**Supplied material**
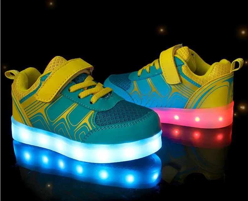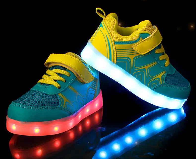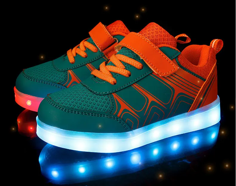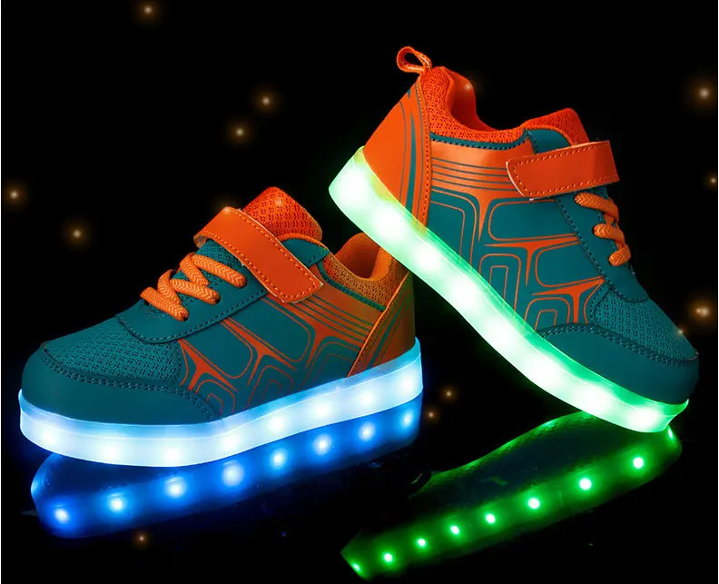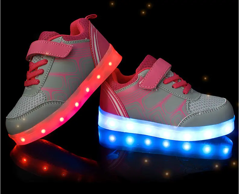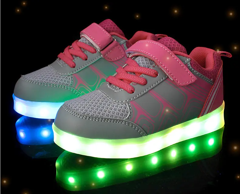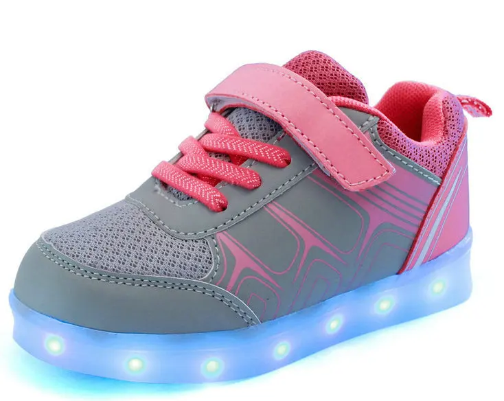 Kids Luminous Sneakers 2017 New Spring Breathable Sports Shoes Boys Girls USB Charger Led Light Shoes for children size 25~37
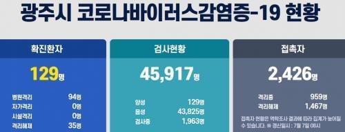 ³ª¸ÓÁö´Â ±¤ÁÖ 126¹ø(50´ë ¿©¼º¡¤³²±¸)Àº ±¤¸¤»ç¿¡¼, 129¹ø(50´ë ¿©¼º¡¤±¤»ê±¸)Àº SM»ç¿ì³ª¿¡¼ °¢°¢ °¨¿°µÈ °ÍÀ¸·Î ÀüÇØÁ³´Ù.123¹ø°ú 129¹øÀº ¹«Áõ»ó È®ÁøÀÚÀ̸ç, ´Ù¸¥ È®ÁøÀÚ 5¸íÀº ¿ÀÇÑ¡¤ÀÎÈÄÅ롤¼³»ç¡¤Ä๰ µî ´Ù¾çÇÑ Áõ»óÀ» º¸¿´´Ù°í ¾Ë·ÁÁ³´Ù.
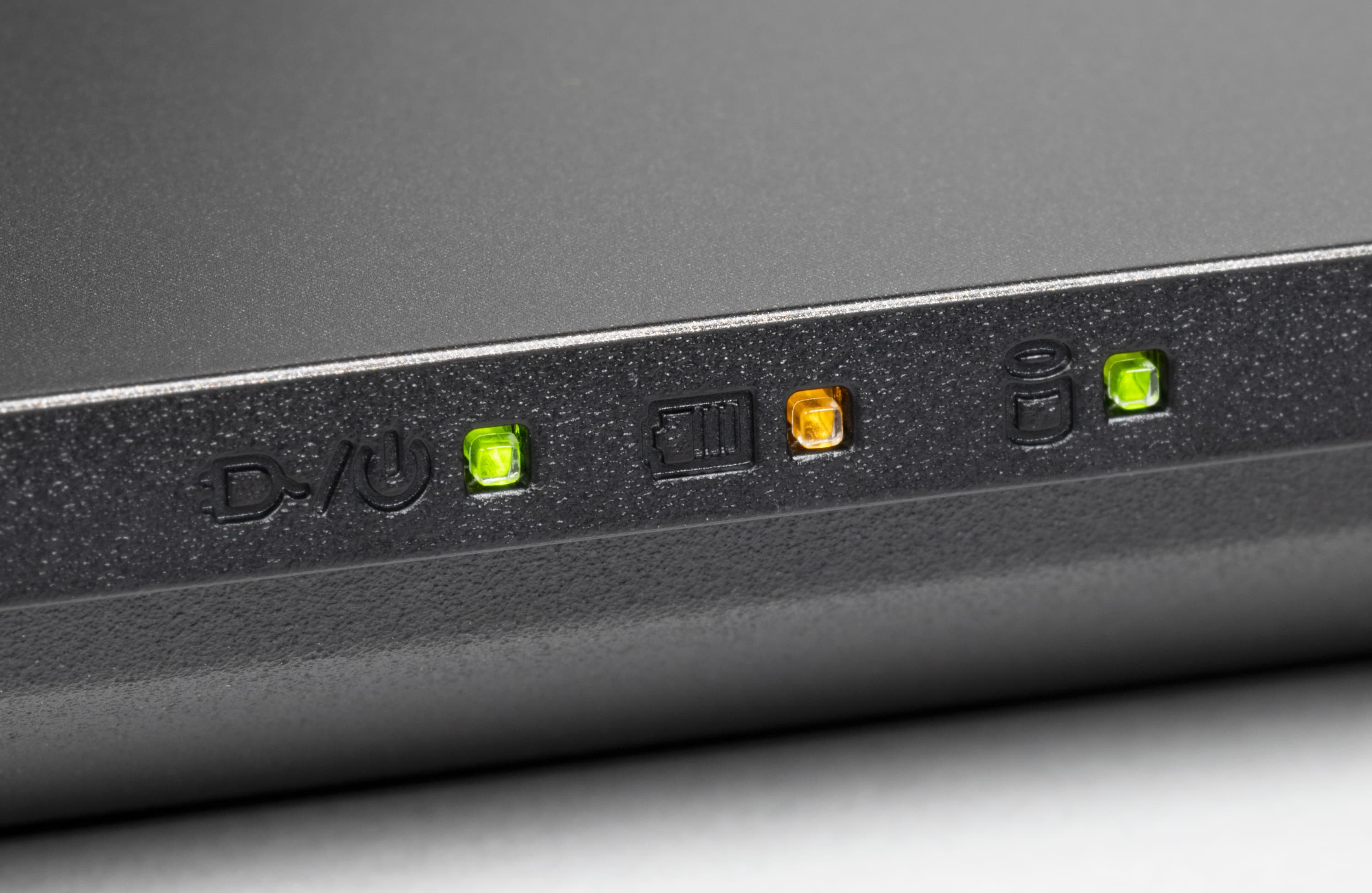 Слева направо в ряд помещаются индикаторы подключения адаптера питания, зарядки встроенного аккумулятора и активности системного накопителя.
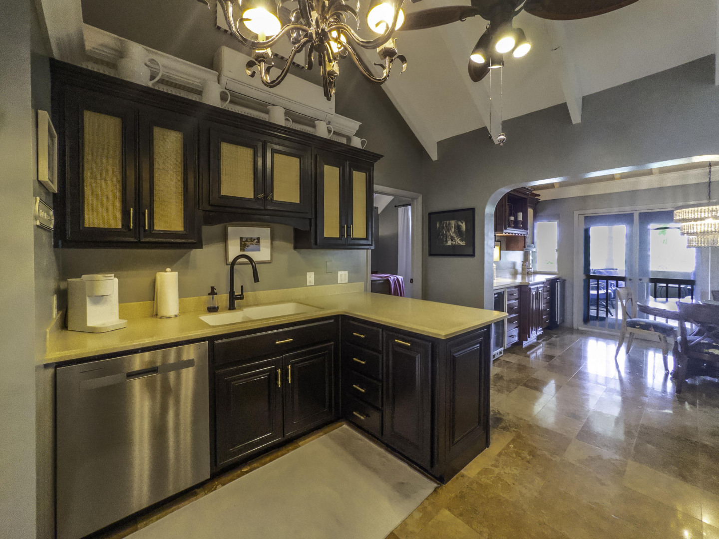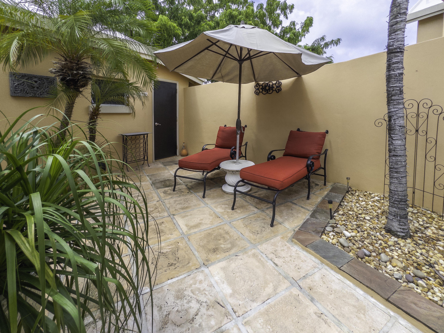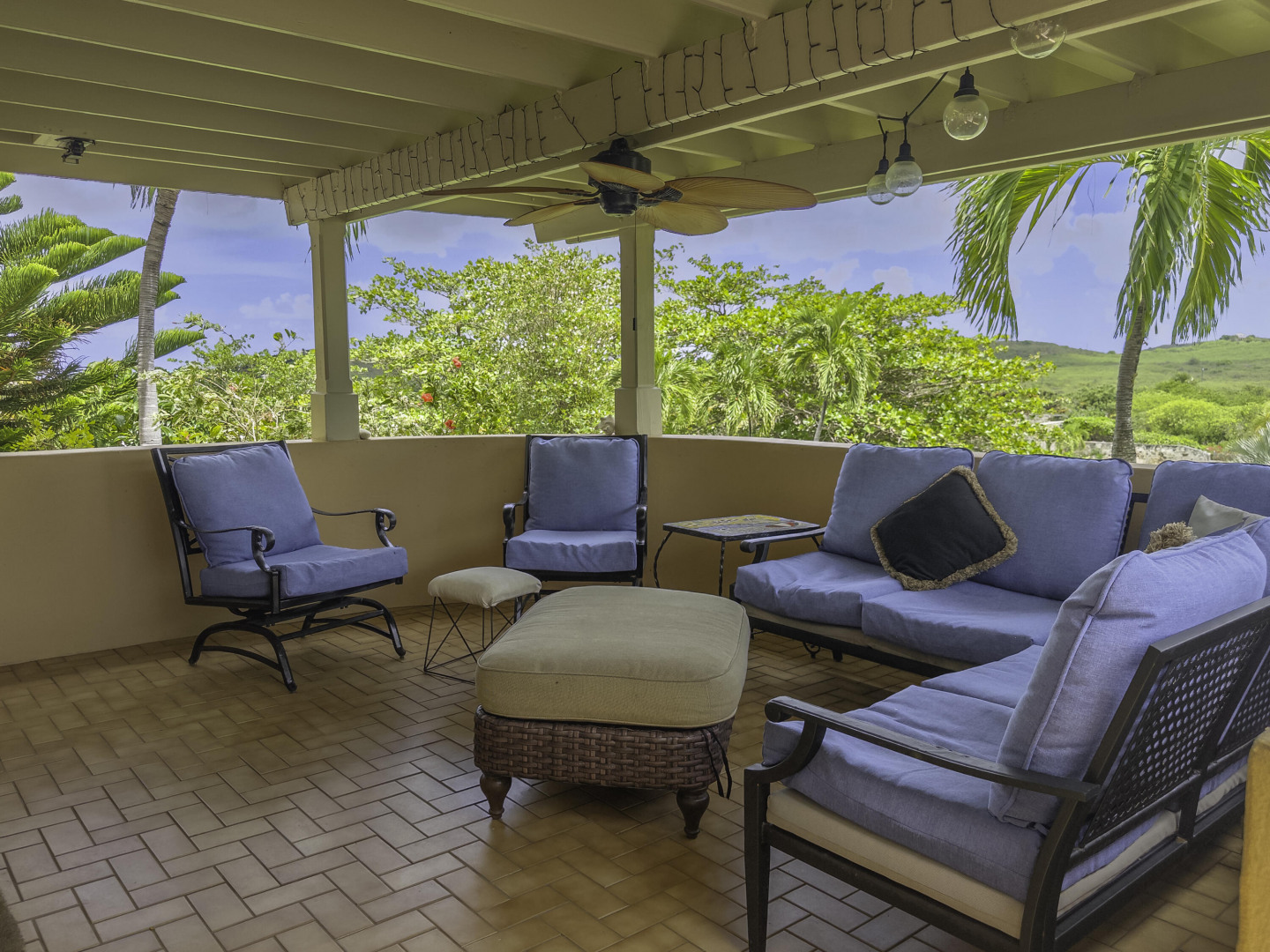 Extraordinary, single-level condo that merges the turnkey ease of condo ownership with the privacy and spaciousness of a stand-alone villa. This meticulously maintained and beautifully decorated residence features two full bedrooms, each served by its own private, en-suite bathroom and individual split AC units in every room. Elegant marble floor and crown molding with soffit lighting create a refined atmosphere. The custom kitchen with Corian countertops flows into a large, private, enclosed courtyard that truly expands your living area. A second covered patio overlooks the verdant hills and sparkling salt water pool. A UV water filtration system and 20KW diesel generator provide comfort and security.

**Your task**
Return the data exactly as it stands, minus the pictures.

**Answer section**
 Kids Luminous Sneakers 2017 New Spring Breathable Sports Shoes Boys Girls USB Charger Led Light Shoes for children size 25~37
 ³ª¸ÓÁö´Â ±¤ÁÖ 126¹ø(50´ë ¿©¼º¡¤³²±¸)Àº ±¤¸¤»ç¿¡¼, 129¹ø(50´ë ¿©¼º¡¤±¤»ê±¸)Àº SM»ç¿ì³ª¿¡¼ °¢°¢ °¨¿°µÈ °ÍÀ¸·Î ÀüÇØÁ³´Ù.123¹ø°ú 129¹øÀº ¹«Áõ»ó È®ÁøÀÚÀ̸ç, ´Ù¸¥ È®ÁøÀÚ 5¸íÀº ¿ÀÇÑ¡¤ÀÎÈÄÅ롤¼³»ç¡¤Ä๰ µî ´Ù¾çÇÑ Áõ»óÀ» º¸¿´´Ù°í ¾Ë·ÁÁ³´Ù.
 Слева направо в ряд помещаются индикаторы подключения адаптера питания, зарядки встроенного аккумулятора и активности системного накопителя.
 Extraordinary, single-level condo that merges the turnkey ease of condo ownership with the privacy and spaciousness of a stand-alone villa. This meticulously maintained and beautifully decorated residence features two full bedrooms, each served by its own private, en-suite bathroom and individual split AC units in every room. Elegant marble floor and crown molding with soffit lighting create a refined atmosphere. The custom kitchen with Corian countertops flows into a large, private, enclosed courtyard that truly expands your living area. A second covered patio overlooks the verdant hills and sparkling salt water pool. A UV water filtration system and 20KW diesel generator provide comfort and security.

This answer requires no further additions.